> [Activity] Within the records below, reproduce without change the lines from the line that has "Превосходный вместительный кошелек" through the line that has "Onze linnen jurk", and only those.

> [Given information]
▬▬▬

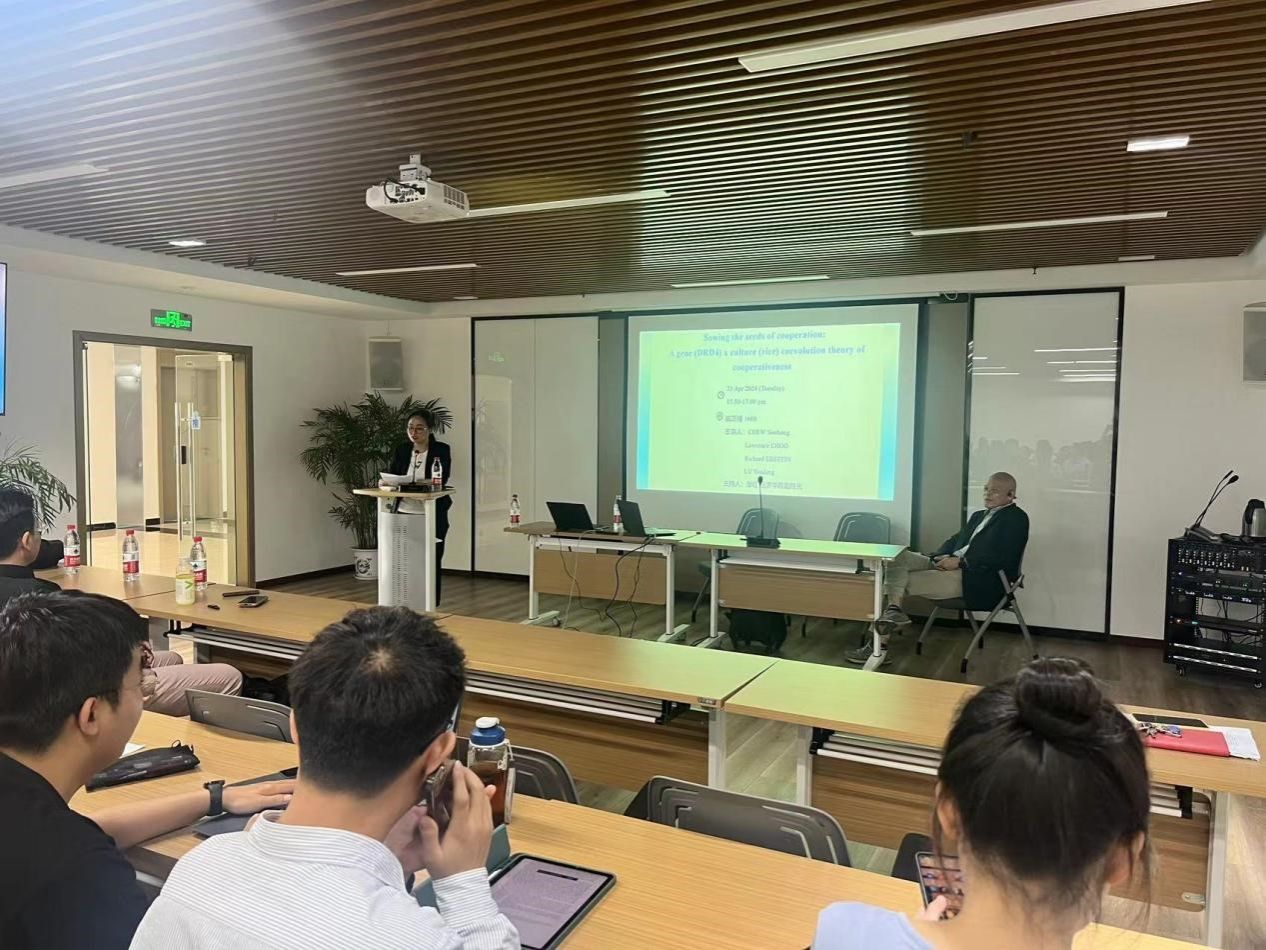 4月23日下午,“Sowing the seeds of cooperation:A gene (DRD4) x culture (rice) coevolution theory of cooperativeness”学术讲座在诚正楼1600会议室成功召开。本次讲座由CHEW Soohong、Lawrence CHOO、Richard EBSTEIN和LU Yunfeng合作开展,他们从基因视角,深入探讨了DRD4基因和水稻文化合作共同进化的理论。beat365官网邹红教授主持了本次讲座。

▬▬▬

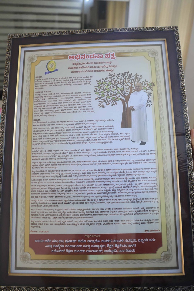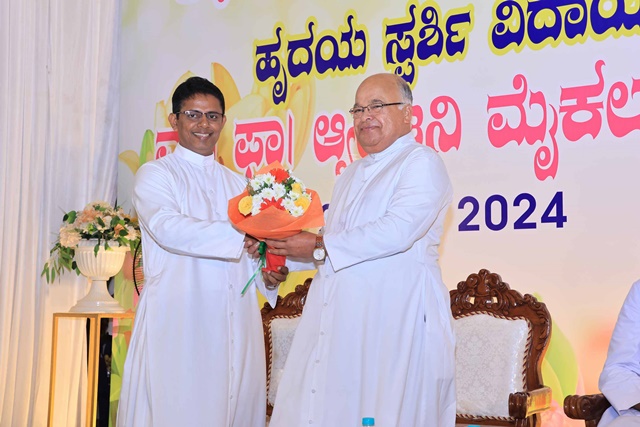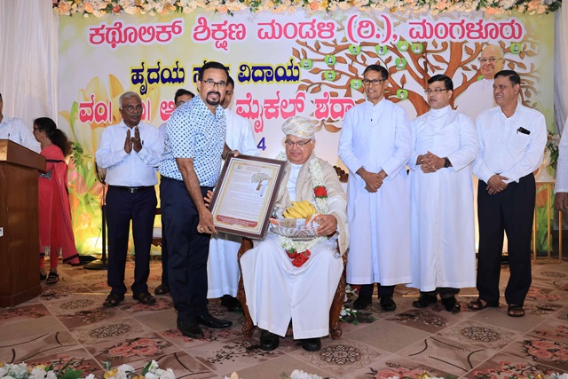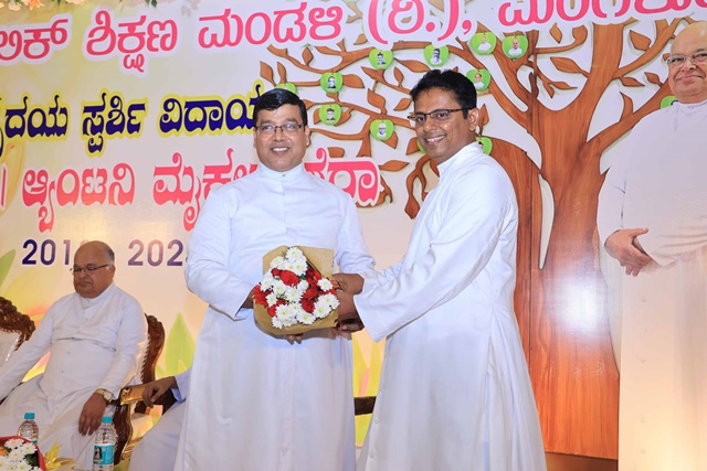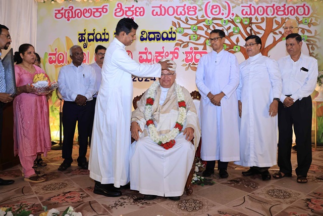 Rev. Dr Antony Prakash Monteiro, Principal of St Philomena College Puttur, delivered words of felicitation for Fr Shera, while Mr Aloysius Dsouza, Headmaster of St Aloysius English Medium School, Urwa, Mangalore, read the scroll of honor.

▬▬▬

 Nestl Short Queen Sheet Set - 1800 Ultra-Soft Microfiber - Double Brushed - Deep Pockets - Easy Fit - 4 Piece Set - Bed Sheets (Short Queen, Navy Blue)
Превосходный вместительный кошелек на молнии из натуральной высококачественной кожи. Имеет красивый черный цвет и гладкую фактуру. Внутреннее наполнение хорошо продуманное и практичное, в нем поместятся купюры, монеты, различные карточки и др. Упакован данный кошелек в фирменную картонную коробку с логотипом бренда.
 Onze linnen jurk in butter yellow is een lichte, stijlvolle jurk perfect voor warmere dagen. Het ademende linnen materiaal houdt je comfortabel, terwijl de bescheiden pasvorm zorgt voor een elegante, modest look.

▬▬▬

> [Written answer]
Превосходный вместительный кошелек на молнии из натуральной высококачественной кожи. Имеет красивый черный цвет и гладкую фактуру. Внутреннее наполнение хорошо продуманное и практичное, в нем поместятся купюры, монеты, различные карточки и др. Упакован данный кошелек в фирменную картонную коробку с логотипом бренда.
 Onze linnen jurk in butter yellow is een lichte, stijlvolle jurk perfect voor warmere dagen. Het ademende linnen materiaal houdt je comfortabel, terwijl de bescheiden pasvorm zorgt voor een elegante, modest look.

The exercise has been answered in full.